German businessman (born 1969)

Franjo Pooth (born July 20, 1969) is a German businessman and former CEO of Maxfield.

==Early life==

Pooth was born on July 20, 1969, and is originally from Meerbusch, a city near Düsseldorf. His father is the architect Franz-Josef Pooth. Franjo Pooth went to the Mataré-School in Meerbusch and the Otto-Kühne-School in Bonn. His brother Mano is also a businessman.

==Business==

After his studies at the Architectural Association School of Architecture in London, Pooth joined the Firstgate Internet AG (subsidiary company of Deutsche Telekom in Cologne. He then founded the brand agency MPFC, together with his partners Coordt von Mannstein and Patrik Graf von Faber Castell.

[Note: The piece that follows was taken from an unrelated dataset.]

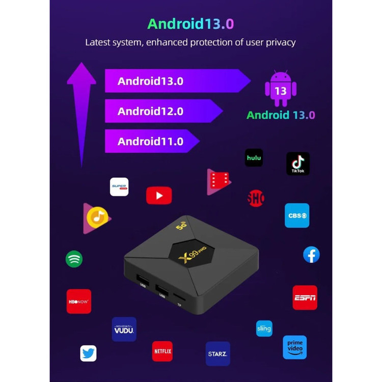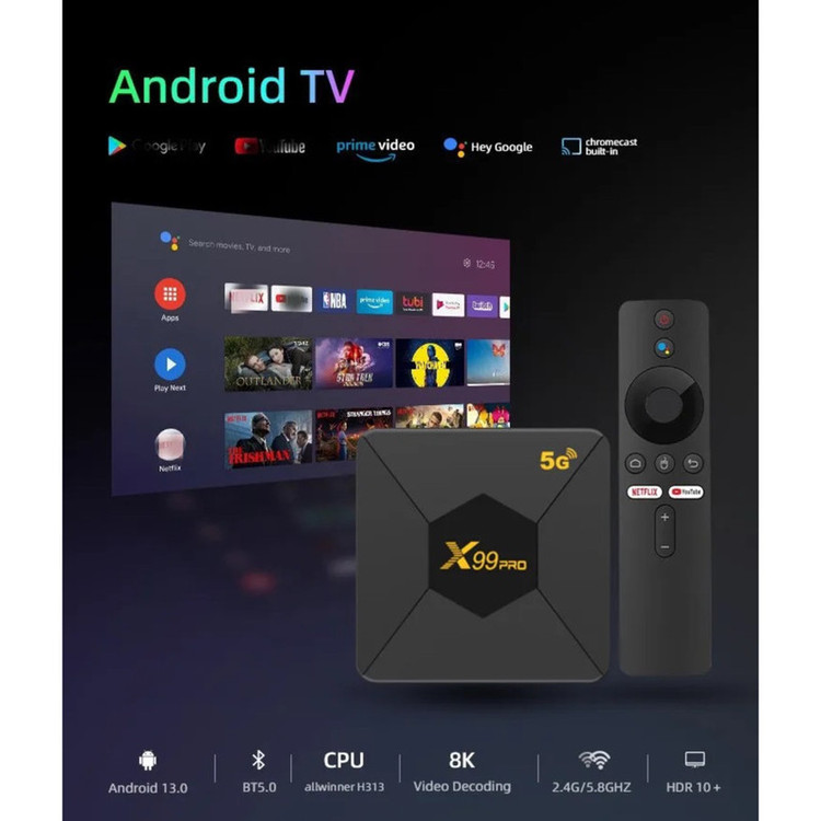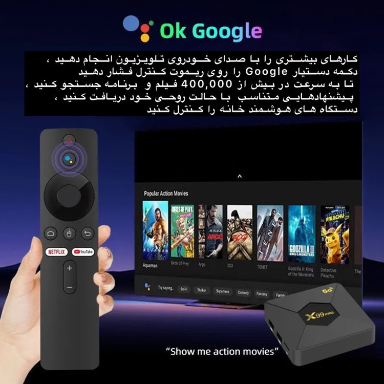 اندروید باکس مدل X99 Pro 5G، یک دستگاه هوشمند چندمنظوره با قابلیتهای پیشرفته برای ارتقاء تجربه تماشای تلویزیون است. این دستگاه از پردازنده چهار هستهای ARM Cortex و پردازنده گرافیکی Mali-G31 بهره میبرد که قدرت پردازشی و گرافیکی قابل قبولی برای پخش روان محتواهای 4K Ultra HD و اجرای برنامههای مختلف ارائه میدهد. با 2 گیگابایت رم DDR3 و 8 گیگابایت حافظه داخلی eMMC، این دستگاه امکان نصب و اجرای اپلیکیشنهای محبوب همچون Netflix، YouTube، Disney+ و سایر برنامههای اندرویدی را فراهم میکند. از دیگر ویژگیهای برجسته این دستگاه میتوان به پشتیبانی از وایفای دو بانده (2.4 و 5.8 گیگاهرتز) و بلوتوث نسخه 5.2 اشاره کرد. همچنین کنترل صوتی با بلوتوث و پشتیبانی از Google Assistant به کاربر اجازه میدهد تا به راحتی با صدای خود در بیش از 400,000 فیلم و برنامه جستجو کند، دستگاههای هوشمند خانه را مدیریت کند، و تجربهای مدرن و هوشمند از تماشای تلویزیون را تجربه کند. این دستگاه با طراحی کوچک و زیبا و کنترل ریموت پیشرفته با دکمههای اختصاصی برای Netflix و YouTube، مناسب استفاده در هر خانهای است. X99 Pro نه تنها به عنوان یک دستگاه پخش کننده تلویزیونی عمل میکند، بلکه یک مرکز هوشمند خانگی برای مدیریت سرگرمی و دستگاههای هوشمند محسوب میشود.

In 2003, Pooth founded the consumer electronic brand Maxfield, whose core business was to produce unique designed MP3 players and trend-orientated electronic devices in the European market. Pooth was its CEO until 2008 and was the finalist of the 2006 Ernst & Young Entrepreneur of the Year Award contest, representing Maxfield GmbH.

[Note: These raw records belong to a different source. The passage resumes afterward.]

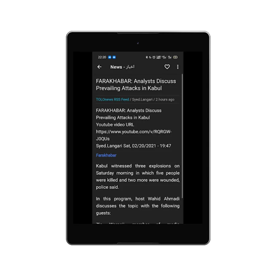 Stay up to date with the latest news from Afghanistan with this breaking news application. Get the latest news, updates, and stories from Afghanistan, all in one place. Stay informed and stay connected with the political, economical, social, and cultural developments in Afghanistan as they occur.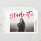Convide convidados para comemorar o formando com nossos convites para festas de formatura de Script Brugado Moderno. Os convites da festa de formatura moderna mostram a foto do formando moldada em branco com "formando" em uma fonte vermelha de script de aquarela. Personalize a frente adicionando o nome do formando, a escola e o ano de graduação. O verso apresenta os detalhes da sua festa em branco abaixo da frase "Celebrar o Formando!" e um fundo vermelho.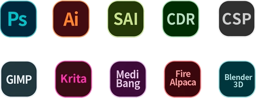 Kompatibel mit beliebter digitaler Kunstsoftware wie Adobe Photoshop, Illustrator, SAI, CDR, Clip Studio Paint, GIMP, Krita, MediBang, FireAlpaca, Toonboom, Maya und Blender3D, usw.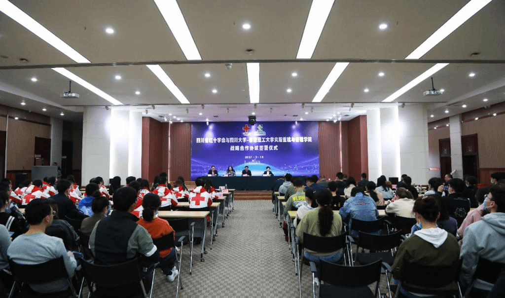双方签署了四川省红十字会-四川大学灾后重建学院战略合作协议。双方领导共同为我校获得四川省红十字会救援证的学员颁发“红十字救护员证”证书。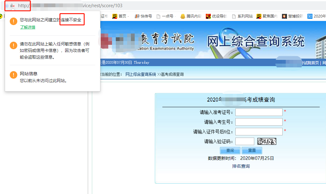 比如用户通过HTTP协议访问成绩查询系统和高校网站时,浏览器和服务器之间是明文传输,这就意味着考生填写的密码、帐号、交易记录等机密信息都是明文,随时可能被泄露、窃取、篡改,被黑客加以利用。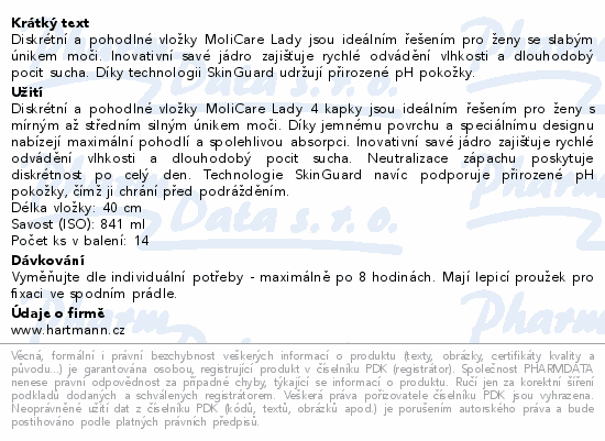 MoliCare lady inkontinenční vložky 4 kapky 14ks

In 2009, Franjo Pooth was sentenced to one year on probation and a €100,000 fine by a court in Düsseldorf due to corruption and bribery. He was convicted of having bribed key personnel of the bank Sparkasse Düsseldorf to sign off on bank loans for his company Maxfield GmbH.

==Personal life==

Pooth has been married to German television personality Verona Pooth since 2004. They have two children together, San Diego (b. September 10, 2003) and Rocco Ernesto (b. June 4, 2011).